Electronic transport through a C$_{60}$ molecular bridge: The role of single and multiple contacts

TL;DR

This study investigates how contact geometry, bond dimerization, and gate voltage influence quantum electron transport through a C60 molecule, revealing the importance of contact points and interference effects in conduction control.

Contribution

It provides a detailed analysis of the impact of contact configurations and molecular modifications on electron transport using Green's function and Landauer-Büttiker formalism.

Findings

Single contact leads to resonant tunneling transmission.

Multiple contacts induce interference effects altering transmission.

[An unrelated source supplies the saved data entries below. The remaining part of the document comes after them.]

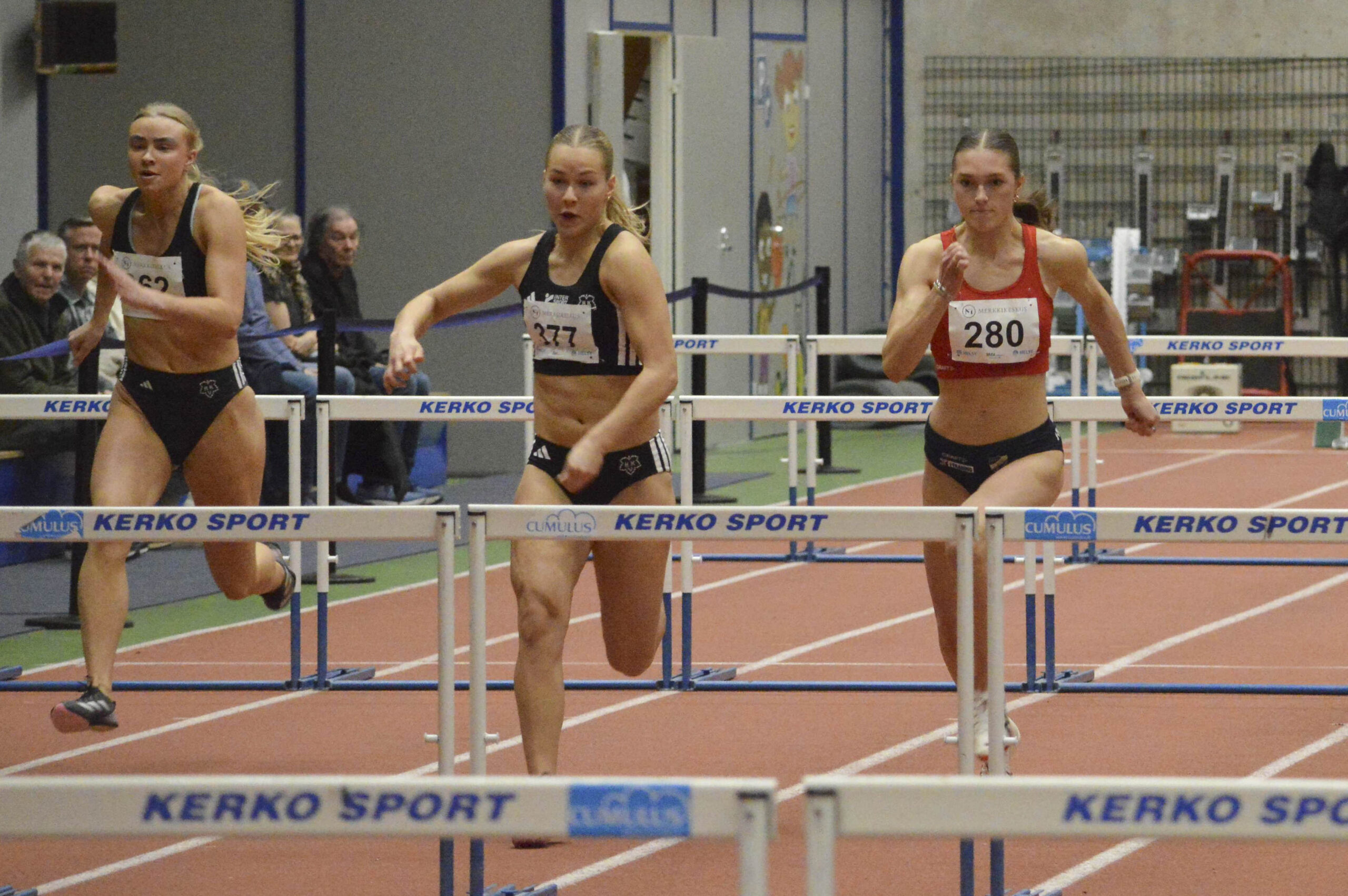 Helsingin Kisa-Veikkojen Siiri Siirtola voitti naisten 60 metrin aitajuoksun ennätyksellään 8,31.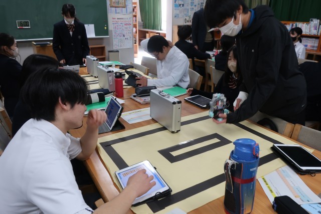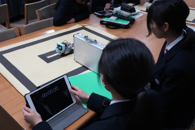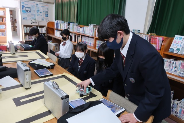 プログラミング学習で、「情報の制御・計測」について、実際にデータを並べ、プログラムどおりに動作が行われるか確認していました。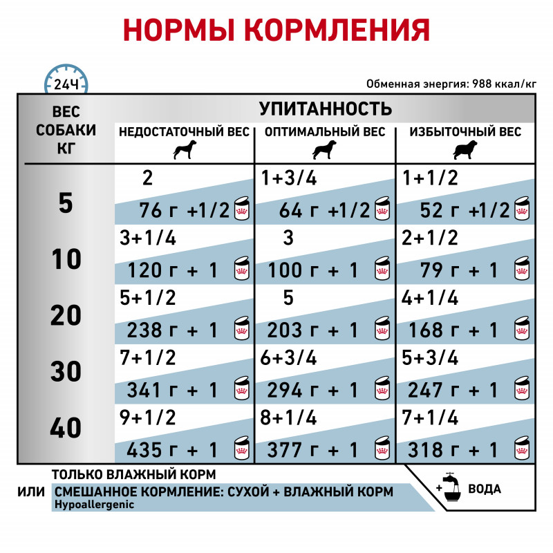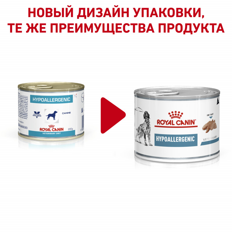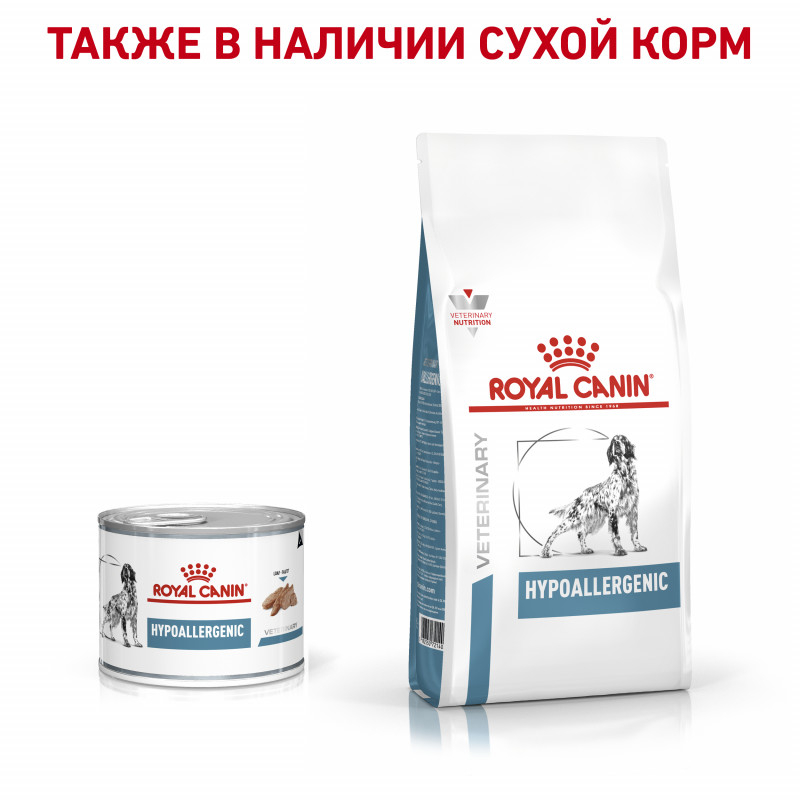 Влажный корм Hypoallergenic содержит гидролизированный соевый белок, как и гамма сухих продуктов Hypoallergenic, что позволяет комбинировать сухой и влажный рационы, либо использовать каждый вид отдельно, учитывая физиологические потребности и пищевые предпочтения собак.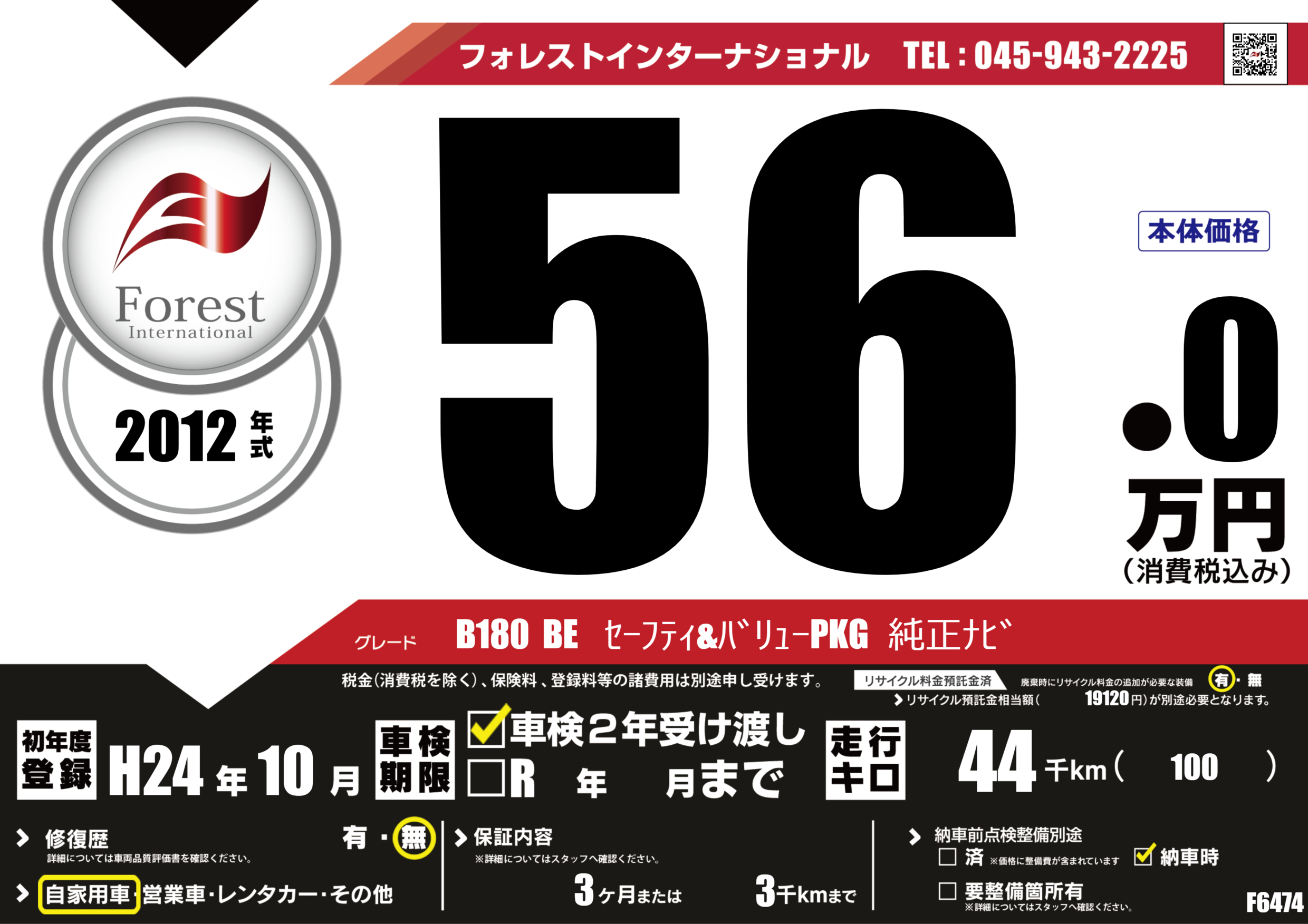| 走行キロ | 4.4万km | 初年度登録 | H24年10月 |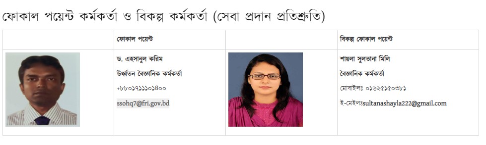 | ইমেইলঃ | diradmin@fri.gov.bd | systemanalyst@fri.gov.bd | ssofs7@fri.gov.bd | sohq4@fri.gov.bd | pubofficer@fri.gov.bd | sohq2@fri.gov.bd |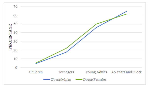 Children have the lowest prevalence rate of morbid obesity; it is at (4.4%). Teen agers have morbid obesity prevalence rate at (17.4%). Young adults show prevalence of morbid obesity rate at (45.8%). These figures fall far behind those in the 46 years and over, in which the morbid obesity rate is at (64%) (Figure 1).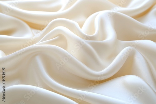 Soft, flowing cream-colored fabric with gentle folds and ripples creates a smooth, elegant textile surface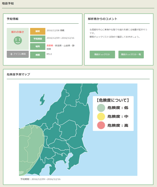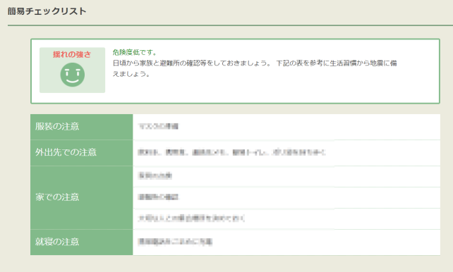 「危険度が高の期間中はこういう場所には近づかない方が良いよ」とか「こういうものを準備しておくといいよ」という感じのものがチェックリスト化されているので、予知に応じて対応すべきことを確認することが出来ます。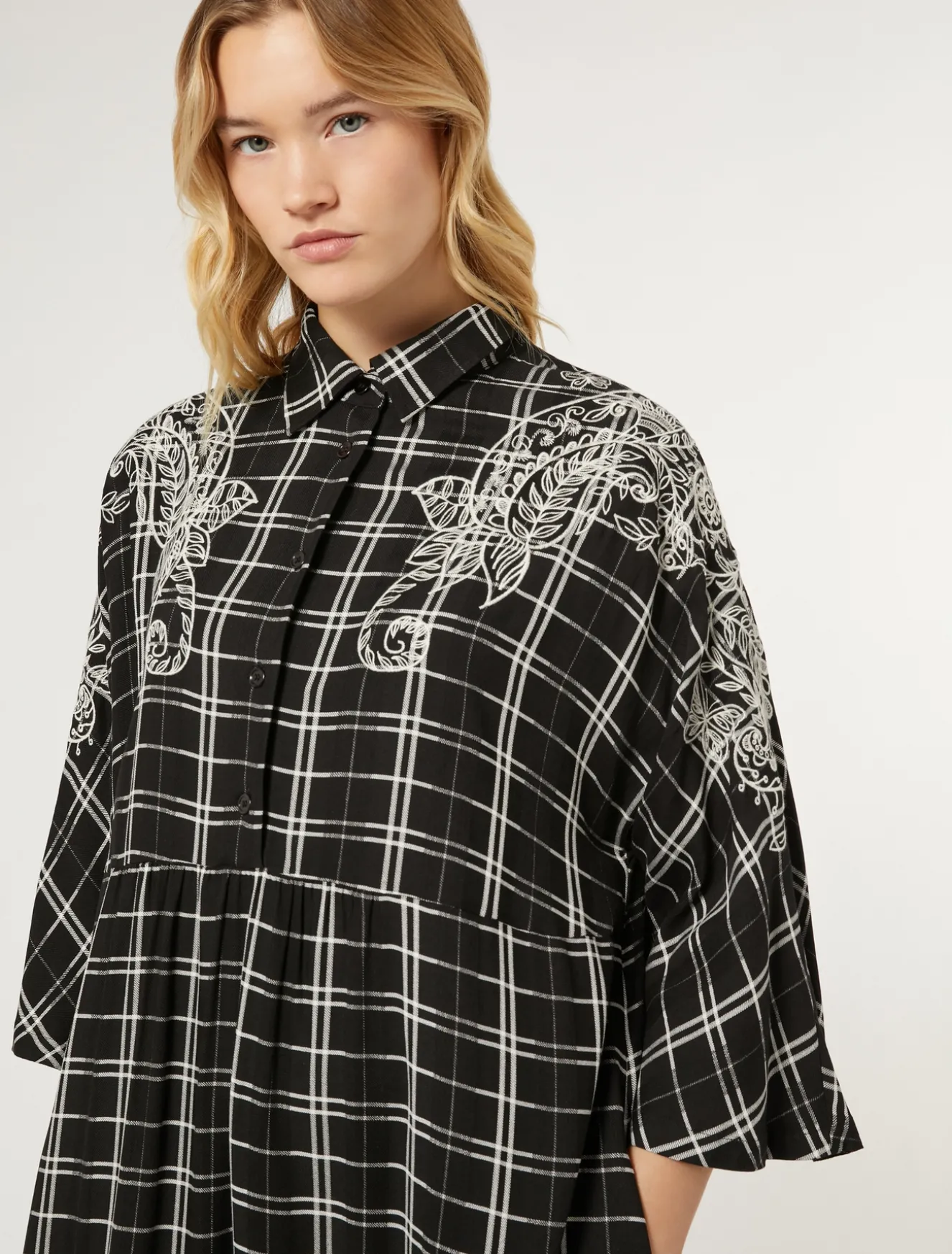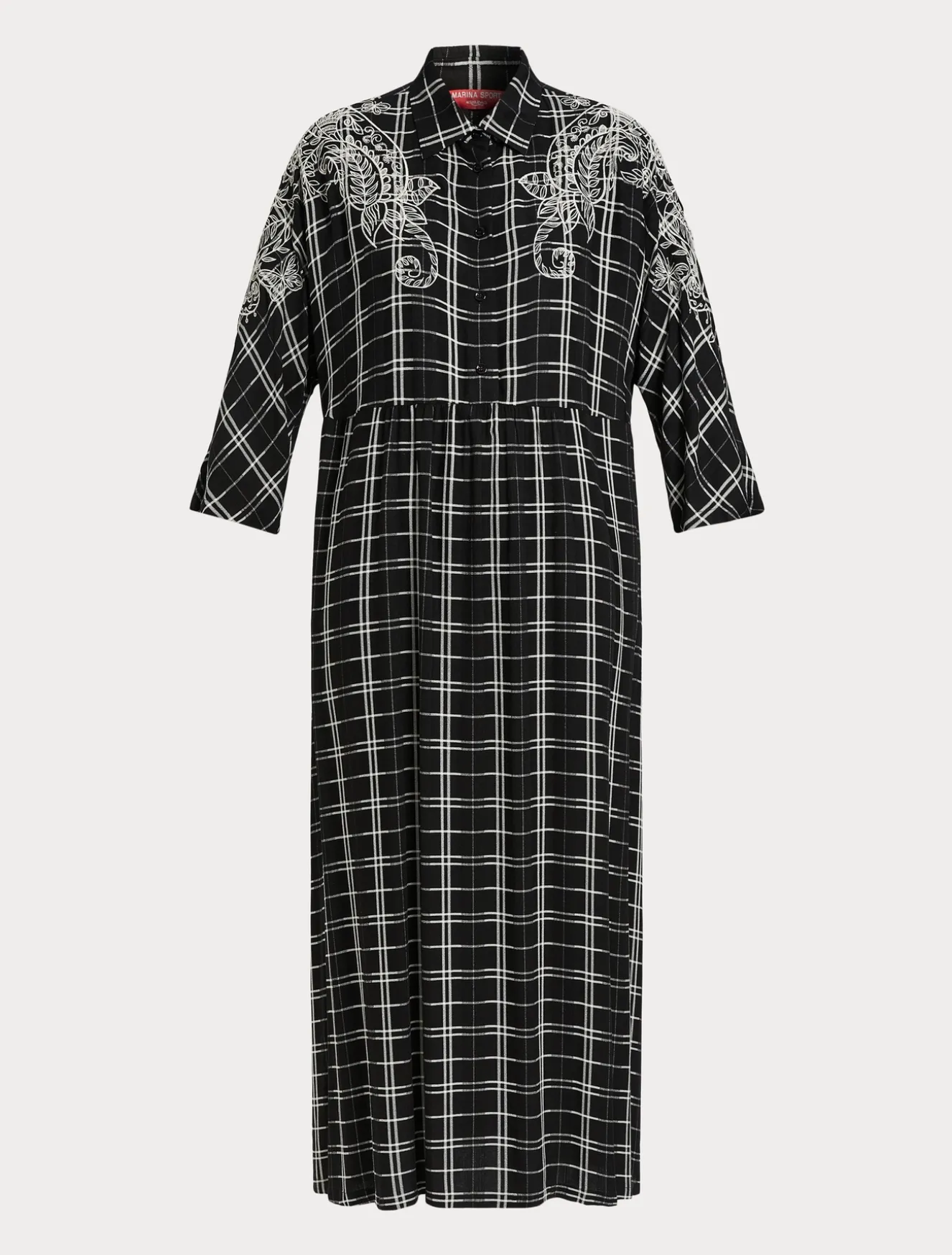 È decorato da un ricamo in filo a decoro su spalle e carré l’abito lungo in viscosa fluida a disegno check. Ha un taglio orizzontale in vita mosso da arricciatura davanti e dietro.Il capo fa parte della collezione Marina Sport.

Gate voltage shifts molecular levels, enabling conduction control.

Abstract

The effects of different contact geometries, bond dimerization, and gate voltage on quantum transport through a C$_{60}$ molecule are studied by the Landauer-B\"{u}ttiker formula based on the Green's function technique. It is shown that the number of contact points between the device electrodes and the molecule can play an important role in the electron conduction. The transmission is due to the resonant tunneling when the electrodes are contacted to one carbon atom of the molecule. In the case of multiple contacts, the interference effects are responsible for the change of the transmission through the C$_{60}$. The bond dimerization and a gate voltage shift the molecular levels and by adjusting the related parameters the electron conduction can be controlled.